The state of private cloud is dire according to a number of pundits. Twitter’s de-facto cloud prognosticator warns: Do not build private clouds. Matt Asay declares private cloud to be a failure for a number of reasons, including the failure to change the way enterprises do business:
Private cloud lets enterprises pretend to be innovative, embracing pseudo-cloud computing even as they dress up antiquated IT in fancy nomenclature. But when Gartner surveyed enterprises that had deployed private clouds, only 5% claimed success
But he also lays blame on the most-hyped infrastructure technology of the past few years, OpenStack:
An increasing number of contributing companies are trying to steer OpenStack in highly divergent directions, making it hard for the newbie to figure out how to successfully use OpenStack. No wonder, then, that Joyent’s Bryan Cantrill hinted that the widespread failure of private clouds may be “due to OpenStack complexities.”

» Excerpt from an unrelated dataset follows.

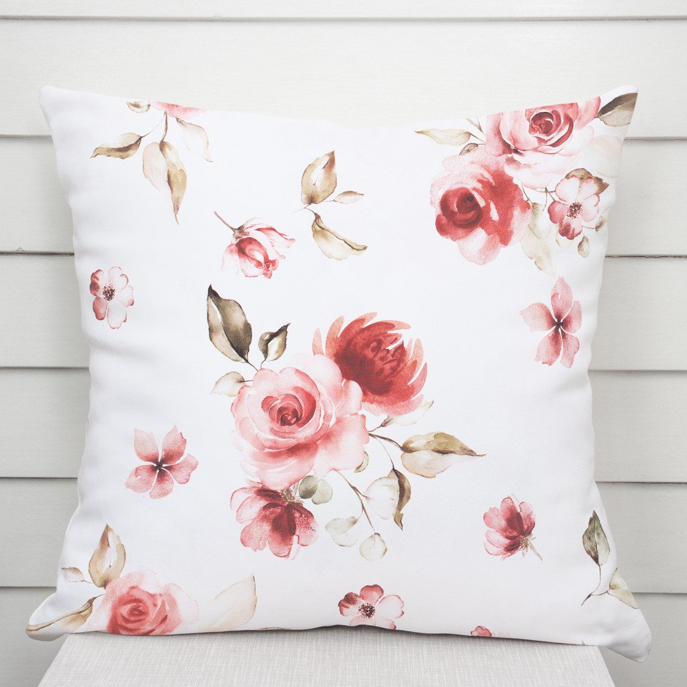 Dekorační povlak na polštář se vzorem červených růží na bílém podkladu, ušitý ze 100% polyesterové látky s vodoodpudivou a nešpinovou teflonovou úpravou. Je stálobarevný, nesráží se a snadno se udržuje. Zapínání na zip je skryté na spodní straně povlaku a neruší tak jeho celkový vzhled.

A large part of these complexities appear to be networking related:
- OpenStack’s default network subsystem is an unscalable, mess of opaque tunnels and single-points-of-failures.

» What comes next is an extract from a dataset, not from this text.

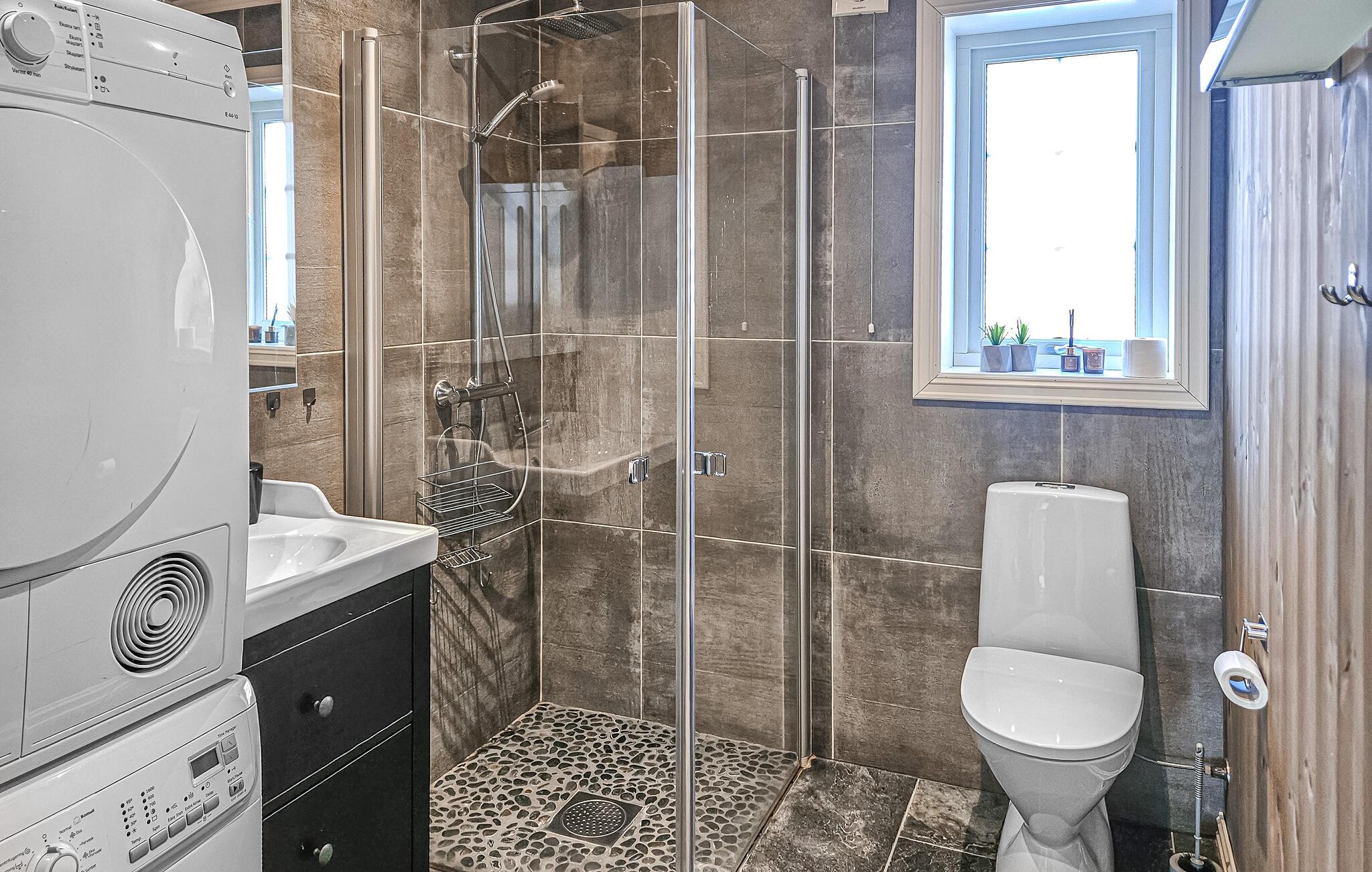 Træd ud på den rummelige terrasse, tag en dyb indånding og beundr de fredelige omgivelser. Hytten ligger i en lille bebyggelse med traditionelle græstage, der smelter harmonisk sammen med landskabet.

- Neutron plugins promise panacea but are almost always introduce a radically different network architecture (usually overlay-based) that are unfamiliar to the network team
No wonder most touted OpenStack successes have bespoke network architectures:
- @WalmartLabs says they have 100k cores running, but
SDN is going to be our next step. Network is one area we need to put a lot of effort into. When you grow horizontally, you add compute, and the network is kind of the bottleneck for everything. That’s an area where you want more redundancy
- Paypal runs a large (8500 servers) cloud, but uses VMWare’s NVP for networking
- CERN runs a large OpenStack cloud but uses a custom network driver
In a different article, Matt Asay even cites industry insiders to state that OpenStack’s “dirty little secret” is that it doesn’t scale, largely due to broken networking.

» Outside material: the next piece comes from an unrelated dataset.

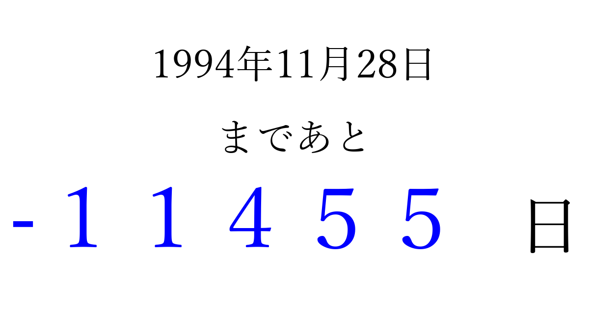 1994年11月28日(月)は もう 00000 日過ぎました 追加すると、トップページからすぐ選べるようになります ※2026/04/09現在の結果です。 最新の状態に更新する ↓シェアして、タイムライン上にカウントダウンを表示しよう!↓ 📤 この結果を共有する Tweet シェア Threads Bluesky 別の日付でカウントダウン 1994年11月のカレンダー このページをブックマークに追加すると、いつでもカウントダウンを確認できます。 (PC: Ctrl+D / Mac: ⌘+D) hitome-notes.comでは以下のページも運営しています。 指定日と期間から日付を計算 | ガチャ確率計算・シミュレーション | プライバシー・ポリシー 運営者:Avocado

In fact, as I’ve heard from a range of companies, a dirty secret of OpenStack is that it starts to fall over and can’t scale past 30 nodes if you are running plain vanilla main trunk OpenStack software
Frustrated cloud operators might look at the newest darling on the block to solve their complexities: Docker. At least it has a single voice and the much vaunted BDFL. Things should be better right? Well, not yet. Hopes are high, but both networking and storage are pretty much “roll your own”. There’s exotic options like Kubernetes, which pretty much only work in public clouds, SDN-like solutions (this, this, this, and more) and patchworks of proxies. Like the network operator needs yet another SDN solution rammed down her throat.
There is a common strand here: tone-deafness. Are folks thinking about how network operators really work? This lack of empathy sticks out like a sore thumb. If the solutions offered a genuine improvement to the state of networking then operators might take a chance at using something new. Network operators hoping to emulate web-scale operators such as AWS, Google and Facebook face a daunting task as well: private cloud solutions often add gratuitous complexity and take away none.
My favorite cloud software Apache CloudStack is not immune to these problems. The out-of-the-box network configuration is often a suboptimal choice for private clouds. Scalable solutions such as Basic Networking are ignored because, well, who wants something “basic”? In future posts, I hope to outline how private cloud operators can take architect their CloudStack networks for a better, scalable experience.